Не оборачивайся, взяв меня за руку, сказал отец. Не оглядывайся назад, дочка. Я хочу отвести тебя в Ханекин[4]. Там ты станешь невестой и будешь по-настоящему счастлива. Тебе уже больше не нужно будет работать, как раньше.
В ответ на слова отца я лишь опустила голову и, несмотря на желание попросить его не уводить меня никуда, все же не решилась ему возразить. Мне лишь хотелось, чтобы он не переживал за меня.
Не волнуйся, папа, сказала я. Пойдем.
В дороге я не переставала слышать плач мамы. Казалось, любой звук природы доносил до меня ее голос. В душе я очень хотела отпустить руку отца и побежать обратно домой, но знала, что, если вернусь, папа не выдержит. Мы проходили мимо подножия моей любимой горы Чагалванд, где я не смогла сдержать слез и втайне от отца тихо плакала, пытаясь отвлечь себя разными мыслями и видом зеленой травы вокруг. В ту весеннюю пору землю покрывало множество только что распустившихся маленьких цветочков и цветов с большими ароматными бутонами. Я нагнулась к одному из них, сорвала и жадно вдохнула запах, подумав: если бы я сейчас была дома, как бы весело мы с девочками провели время.

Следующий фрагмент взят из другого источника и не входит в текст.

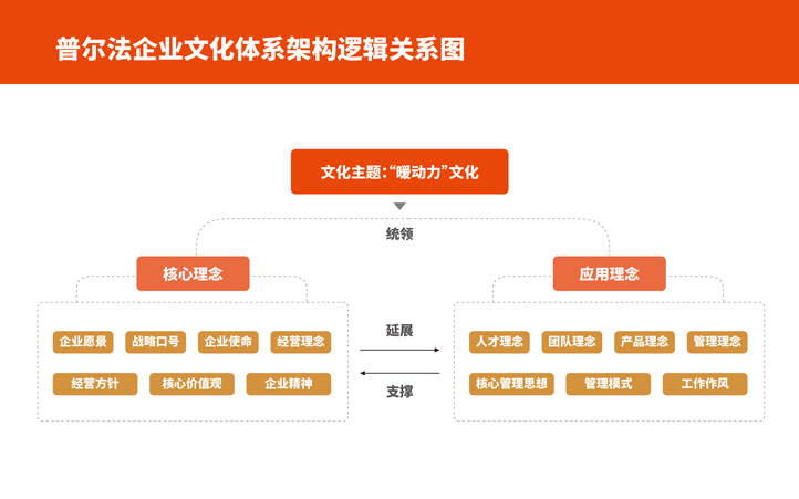 “暖動力”文化的文化主題,統(tǒng)領企業(yè)文化核心理念和企業(yè)文化應用理念。核心理念延展為應用理念,應用理念支撐核心理念。其中核心理念包括企業(yè)愿景、戰(zhàn)略口號、企業(yè)使命、經(jīng)營理念、經(jīng)營方針、核心價值觀、企業(yè)精神。

Отец с Акбаром и Мансуром шли впереди, а я порой так отставала, что отец вынужден был оборачиваться и кричать мне:
Фаранг, торопись! Не отставай, пожалуйста.

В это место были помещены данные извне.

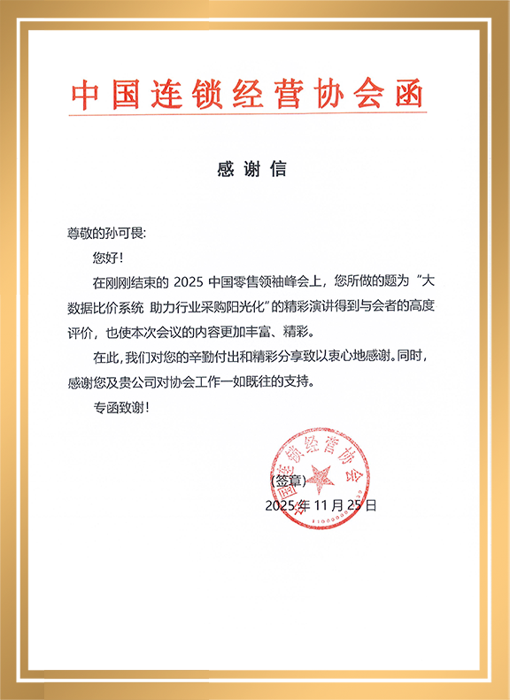 近日,昂捷信息收到一封来自中国连锁经营协会专属感谢信!信中特别致谢昂捷信息董事长孙可畏先生,其在2025中国零售领袖峰会上分享的《大数据比价系统助力行业采购阳光化》主题演讲引发行业强烈反响,该演讲基于昂捷信息在零售数字化领域的创新实践,深度剖析了大数据技术在采购透明化中的应用价值,其前瞻性的行业洞察与众多的实践案例获得与会嘉宾的一致好评,成为峰会最具价值的核心内容之一。此次专函致谢不仅是对昂捷信息技术实力的认可,更是对公司在推动行业数字化转型中所作贡献的高度肯定。

Дорога, которая шла через гору Чагалванд, была очень длинной, и, по словам отца, нам необходимо было преодолеть ее за два дня. В пути я не раз замечала его слезы, которые он изо всех сил старался скрывать, и сама, в свою очередь, не показывала ему, что тоже плачу.
Колючки без конца цеплялись за подол моего платья, и я думала: «Как будто они держат меня и не хотят, чтобы я уходила».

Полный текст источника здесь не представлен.